Reputation: 153
I am doing some long-term simulations in which I'm trying to achieve the highest possible accuracy in the solution of systems of ODEs. I am trying to find out how much time quadruple (128-bit) precision calculations take versus double (64-bit) precision. I googled around a bit and saw several opinions about it: some say it will take 4 times longer, others 60-70 times... So I decided to take matters in my own hands and I wrote a simple Fortran benchmark program:
program QUAD_TEST
implicit none
integer,parameter :: dp = selected_int_kind(15)
integer,parameter :: qp = selected_int_kind(33)

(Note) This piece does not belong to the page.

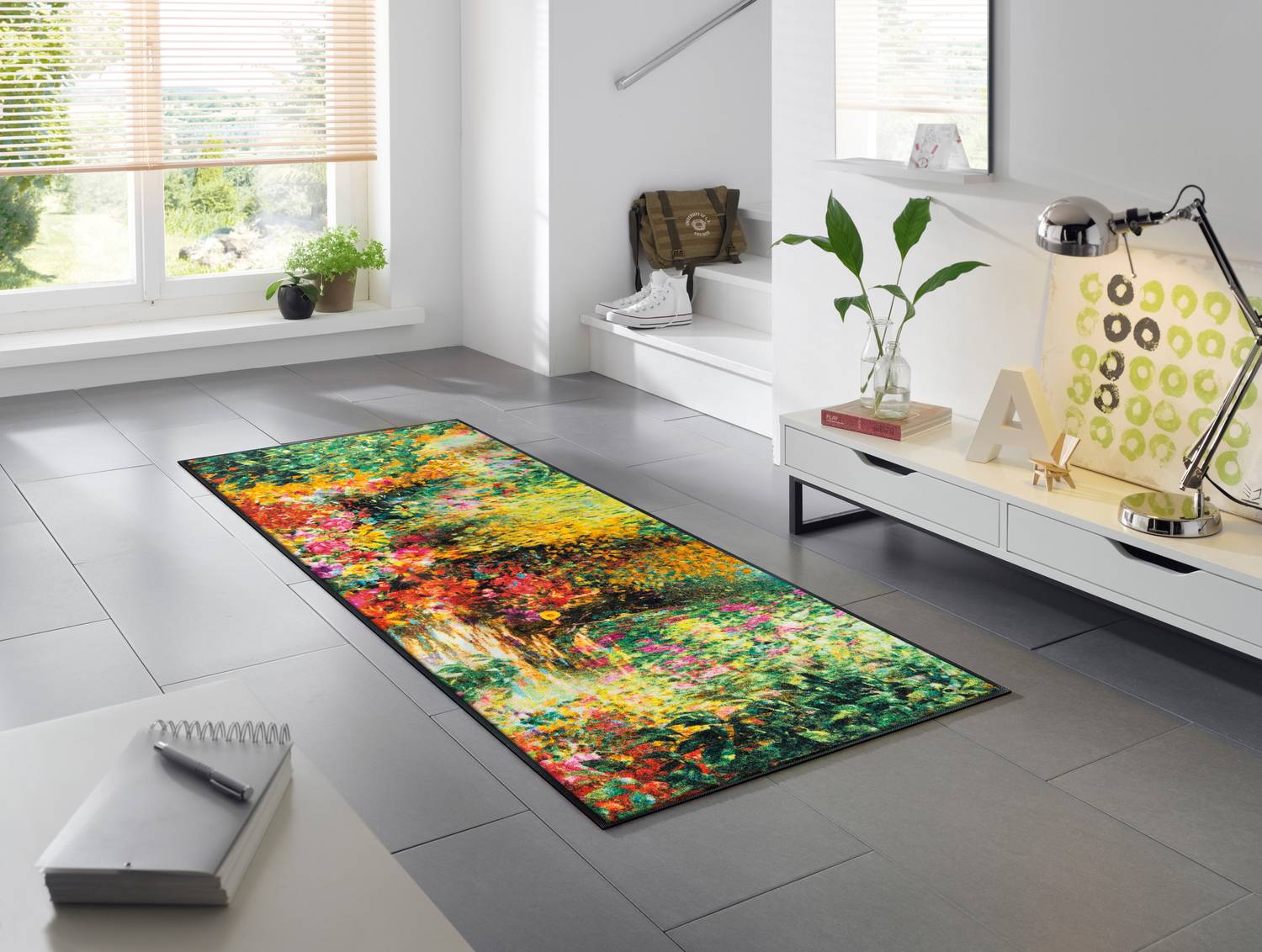 Die Farbdarstellung der Bilder kann je nach Monitoreinstellung leicht abweichen. Produktionsbedingt sind geringe Maß- und Farbabweichungen bis zu +/- 3% möglich. Auf PVC-, Linoleum-, Laminat- und Holzoberflächen kann es durch den Gummirücken zu Farbveränderungen kommen.

integer :: cstart_dp,cend_dp,cstart_qp,cend_qp,crate
real :: time_dp,time_qp
real(dp) :: sum_dp,sqrt_dp,pi_dp,mone_dp,zero_dp
real(qp) :: sum_qp,sqrt_qp,pi_qp,mone_qp,zero_qp
integer :: i
! ==============================================================================
! == TEST 1. ELEMENTARY OPERATIONS ==
sum_dp = 1._dp
sum_qp = 1._qp
call SYSTEM_CLOCK(count_rate=crate)
write(*,*) 'Testing elementary operations...'
call SYSTEM_CLOCK(count=cstart_dp)
do i=1,50000000
sum_dp = sum_dp - 1._dp
sum_dp = sum_dp + 1._dp
sum_dp = sum_dp*2._dp
sum_dp = sum_dp/2._dp
end do
call SYSTEM_CLOCK(count=cend_dp)
time_dp = real(cend_dp - cstart_dp)/real(crate)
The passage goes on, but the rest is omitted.